On 1 September 2011, the Central Bank of Ireland (the "Central Bank”) published new fitness and probity standards (the “Standards”) for a person performing a prescribed “controlled function” (a “CF”) or a “pre-approval controlled function” (a “PCF”) in entities in Ireland that are regulated by the Central Bank (including collective investment schemes).

The Standards will be introduced as follows:

  • from 1 December 2011, the Standards will apply to a person performing a PCF;
  • from 1 March 2012, the Standards will apply to a person (other than a person performing a PCF) appointed to perform a CF (including offers of appointment and internal transfers of staff ); and
  • from 1 December 2012, the Standards will apply to every person performing a CF (whenever appointed).  

Each collective investment scheme was required to identify its PCFs in situ on 1 December 2011, and to provide the Central Bank by 31 December 2011 with a list of all PCFs (in this case, directors) in its organisation.

By 31 March 2012, each collective investment scheme will need to have completed an internal due diligence process to confirm compliance by persons holding those PCFs with the Standards.

A confirmation will then need to be provided by each collective investment scheme to the Central Bank that it is satisfied that each person occupying a PCF is compliant with the Standards and that it has obtained written agreement from each such person to abide by the Standards – this written confirmation may be signed by any Director of the fund.

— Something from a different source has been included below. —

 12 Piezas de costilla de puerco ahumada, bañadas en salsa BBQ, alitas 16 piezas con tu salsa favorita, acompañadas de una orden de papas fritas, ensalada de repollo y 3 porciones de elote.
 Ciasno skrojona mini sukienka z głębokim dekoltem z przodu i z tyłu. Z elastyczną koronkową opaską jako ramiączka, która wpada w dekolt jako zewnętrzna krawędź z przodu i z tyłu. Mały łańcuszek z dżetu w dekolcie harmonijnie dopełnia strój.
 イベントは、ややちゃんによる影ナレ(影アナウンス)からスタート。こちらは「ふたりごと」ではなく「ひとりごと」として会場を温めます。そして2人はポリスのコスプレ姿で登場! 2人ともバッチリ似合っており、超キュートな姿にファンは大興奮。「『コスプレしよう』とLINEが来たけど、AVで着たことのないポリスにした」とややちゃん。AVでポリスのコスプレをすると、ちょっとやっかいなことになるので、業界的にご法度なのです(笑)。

In relation to the due diligence requirements outlined above it will be for each fund to determine the level of due diligence required for its purposes before it is in a position to confi rm to the Central Bank that it is satisfied that the relevant PCF meets the Standards. One approach that might be adopted is as follows – a fund company would require the following from each of the Directors:

  • to confirm in writing that his/her biographical details set out in the most recent Prospectus of the relevant fund are accurate;
  • to respond in writing to the queries set out in Section 5.1 – 5.21 of the new Individual Questionnaire which was published by the Central Bank, (for example; “5.1 - A person is required to be honest, ethical, act with integrity and be financially sound. In this regard, have you any information to disclose regarding a material issue or do you have any concerns about your ability to perform the relevant function?” and “5.10 - Have you ever, in any jurisdiction, been the subject of any civil penalty enforcement action taken by a regulatory authority under any law?”);
  • to confirm in writing whether he/she has any other directorships; and
  • to confirm that he/she is capable of conducting the function of non-executive director of the company and has adequate time to perform that function having regard to other directorships/ responsibilities that he/ she may have.

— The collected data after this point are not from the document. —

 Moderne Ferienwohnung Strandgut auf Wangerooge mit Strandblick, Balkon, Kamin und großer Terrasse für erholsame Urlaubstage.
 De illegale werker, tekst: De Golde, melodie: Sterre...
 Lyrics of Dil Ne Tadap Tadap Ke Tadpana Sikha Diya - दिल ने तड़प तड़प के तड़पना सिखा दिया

The key question will be whether any matter disclosed would adversely affect the Director’s ability to perform its function to a material degree. The fund should also independently carry out the following steps:

  • check the website of the Central Bank and any other relevant regulatory authority to determine whether the Director has been subject to regulatory actions;
  • check the website of the Companies Registration Office to determine whether any restrictions or disqualification orders have been made in respect of the Director; and
  • check publicly available sources to determine whether a judgement debt has been registered against the person in Ireland. Where the Director has lived outside of Ireland for more than 6 months in the past 5 years, the fund should ask him/her to provide an equivalent check from a publicly available source in that jurisdiction.